I would be posting a sassy commentary on my non-jerkin project were it not for the damnable zipper insertion question, and my failure to be able to catch the underside of the placket. It is just too heartbreaking, because this 22″ center back lapped zipper looks absolutely gorgeous to me,
But then I cut the basting thread and inside it was all carnage and failure. Sigh.
Here’s the shiny silver lining — I can totally pull this sucker over my head. Oh, okay, I have to wiggle some but it can be done! So maybe I will just call this finished and practice some lapped zippers in muslin for a while, since the next chapter isn’t about sewing, it is about fitting. Isn’t that exciting?
A few side comments:
What is up with Butterick for designing a pattern for knits that has enough ease that a pear-shaped lady of a certain age can pull it over her head in a woven, calls for a freakin’ TWENTY TWO inch zipper?
Also, this dress is seriously cuter than I thought it would be.
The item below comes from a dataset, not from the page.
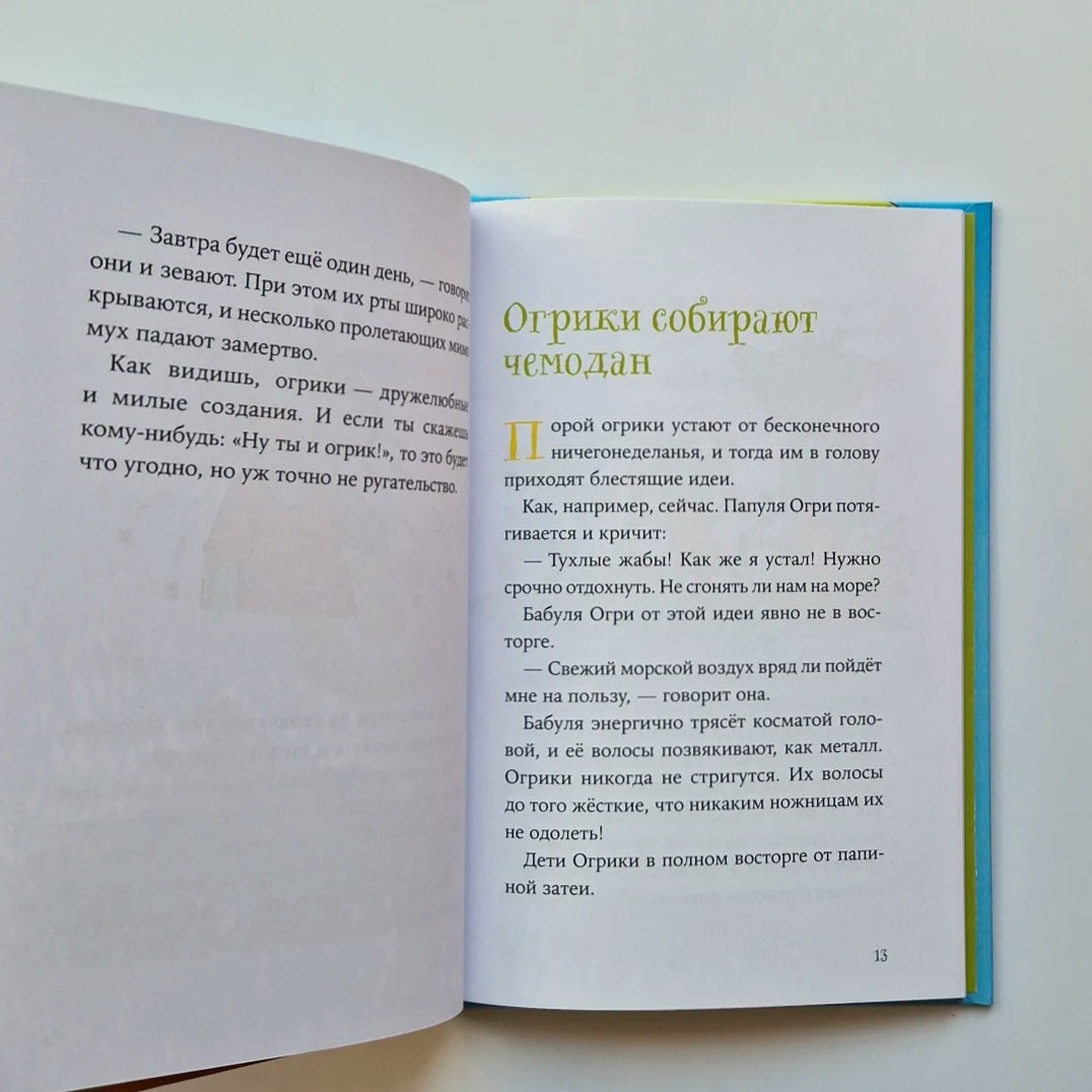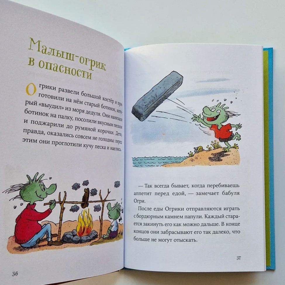 Ogriks are green creatures that live in a dump. They are not like people: instead of ears they have horns, instead of toys they have tin cans, instead of a car they have a flying dragon Firepaw. And the Ogriks are constantly getting into different adventures. In this book, the whole Ogri family goes to the sea.

Back to the topic at hand. Here is the part of the book where Ms. B loses me, and I fail to make the zipper work out right:
Arrange garment with zipper face down over front seam allowance, forming a pleat at placket end. Draw toward front when pinning in place (emphasis mine. What the Hell does this even mean? Draw toward the front of the garment, which is under the back, which I am pinning?) Keep zipper tab up. Stitch across bottom and along zipper, close to chain, following woven-in stitch guideline (that is another thing — apparently zippers used to have a guide line stitched onto them to guide the sewer at this step but my zipper had no such thing.) Blah blah blah, when you are more advanced you should hand pick your zipper.
So, nowhere in there is there a measurement, like “form an X inch placket” or “stitch X of an inch from the tape” so how is this anything more than a shot in the dark? I must be missing something because The Bishop Method does not advocate winging it.
Obviously this zipper technique must work — everything in the book works, and has been working for seamstresses, sewers, and sewists alike for decades. So what am I missing?